#### Activity:
Your task is to repeat all of the data exactly while excluding the pictures.

#### Recorded information:
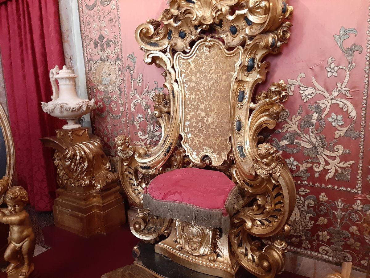 Součástí prohlídky ostrova byla samozřejmě návštěva paláce, který má bohatě zdobené sály, nástěnné malby, vzácný nábytek a další репозитář nebo třeba lustry z ostrova Murano.
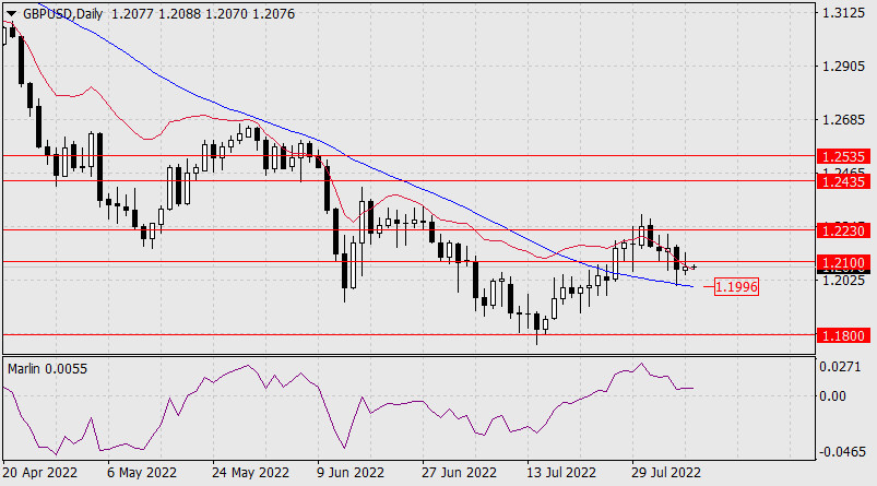 Прогноз по GBP/USD на 9 августа 2022 годаИнстаФорекс - Instaforex, 3 года назад Фунт стерлингов проторговался в понедельник в диапазоне 90 пунктов, закрытие дня оказалось белой свечой в 10 пунктов. Технически это близко похоже на неопределённость фунта в выборе дальнейшего краткосрочного направления и тогда верхняя тень может интерпретироваться как неудачная попытка в борьбе с сопротивлениями линии баланса и целевого уровня 1.2100. Осциллятор Марлин движется горизонтально над нулевой линией, разделяющей области растущей и понижающейся тенденций. После неудачной попытки подрасти цена теперь попытается снизиться. Ближайшая цель 1.1996 – индикаторная линия Крузенштерна. Уход под данную поддержку открывает цель 1.1800.
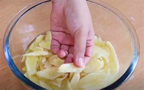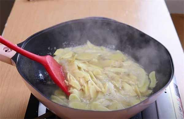 2.生姜去皮后切成片,切完之后可以多清洗几遍,这样它的辛辣味就不会那么重了。
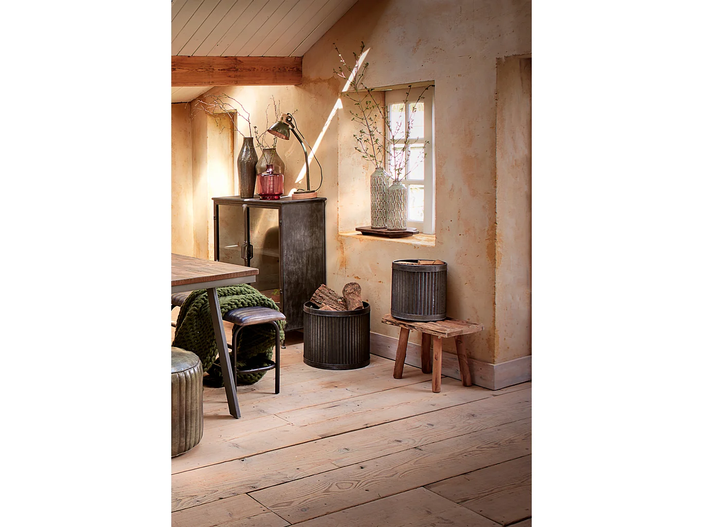 Tabouret en bois et métal 31x31x66h cm

#### Reply:
 Součástí prohlídky ostrova byla samozřejmě návštěva paláce, který má bohatě zdobené sály, nástěnné malby, vzácný nábytek a další репозитář nebo třeba lustry z ostrova Murano.
 Прогноз по GBP/USD на 9 августа 2022 годаИнстаФорекс - Instaforex, 3 года назад Фунт стерлингов проторговался в понедельник в диапазоне 90 пунктов, закрытие дня оказалось белой свечой в 10 пунктов. Технически это близко похоже на неопределённость фунта в выборе дальнейшего краткосрочного направления и тогда верхняя тень может интерпретироваться как неудачная попытка в борьбе с сопротивлениями линии баланса и целевого уровня 1.2100. Осциллятор Марлин движется горизонтально над нулевой линией, разделяющей области растущей и понижающейся тенденций. После неудачной попытки подрасти цена теперь попытается снизиться. Ближайшая цель 1.1996 – индикаторная линия Крузенштерна. Уход под данную поддержку открывает цель 1.1800.
 2.生姜去皮后切成片,切完之后可以多清洗几遍,这样它的辛辣味就不会那么重了。
 Tabouret en bois et métal 31x31x66h cm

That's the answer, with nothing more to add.